[Items from a data source]
↓
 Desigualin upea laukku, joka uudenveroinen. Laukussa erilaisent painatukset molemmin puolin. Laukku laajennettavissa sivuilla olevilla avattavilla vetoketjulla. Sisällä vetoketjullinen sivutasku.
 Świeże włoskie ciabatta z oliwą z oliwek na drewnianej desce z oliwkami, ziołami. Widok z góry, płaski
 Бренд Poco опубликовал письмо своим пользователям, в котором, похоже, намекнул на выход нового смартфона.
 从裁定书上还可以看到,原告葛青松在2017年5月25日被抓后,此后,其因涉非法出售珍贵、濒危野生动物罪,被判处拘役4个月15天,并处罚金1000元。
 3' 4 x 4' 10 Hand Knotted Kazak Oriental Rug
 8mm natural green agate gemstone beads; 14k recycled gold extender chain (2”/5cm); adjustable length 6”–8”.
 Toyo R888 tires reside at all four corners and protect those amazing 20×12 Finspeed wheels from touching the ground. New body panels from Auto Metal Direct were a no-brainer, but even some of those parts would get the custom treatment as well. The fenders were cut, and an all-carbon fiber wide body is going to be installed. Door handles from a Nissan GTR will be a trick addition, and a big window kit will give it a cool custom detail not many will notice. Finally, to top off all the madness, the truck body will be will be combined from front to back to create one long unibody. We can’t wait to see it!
↑
[PROBLEM REQUIREMENTS] In the answer, each line of the data must appear exactly as written.

[TASK SOLUTION]
 Desigualin upea laukku, joka uudenveroinen. Laukussa erilaisent painatukset molemmin puolin. Laukku laajennettavissa sivuilla olevilla avattavilla vetoketjulla. Sisällä vetoketjullinen sivutasku.
 Świeże włoskie ciabatta z oliwą z oliwek na drewnianej desce z oliwkami, ziołami. Widok z góry, płaski
 Бренд Poco опубликовал письмо своим пользователям, в котором, похоже, намекнул на выход нового смартфона.
 从裁定书上还可以看到,原告葛青松在2017年5月25日被抓后,此后,其因涉非法出售珍贵、濒危野生动物罪,被判处拘役4个月15天,并处罚金1000元。
 3' 4 x 4' 10 Hand Knotted Kazak Oriental Rug
 8mm natural green agate gemstone beads; 14k recycled gold extender chain (2”/5cm); adjustable length 6”–8”.
 Toyo R888 tires reside at all four corners and protect those amazing 20×12 Finspeed wheels from touching the ground. New body panels from Auto Metal Direct were a no-brainer, but even some of those parts would get the custom treatment as well. The fenders were cut, and an all-carbon fiber wide body is going to be installed. Door handles from a Nissan GTR will be a trick addition, and a big window kit will give it a cool custom detail not many will notice. Finally, to top off all the madness, the truck body will be will be combined from front to back to create one long unibody. We can’t wait to see it!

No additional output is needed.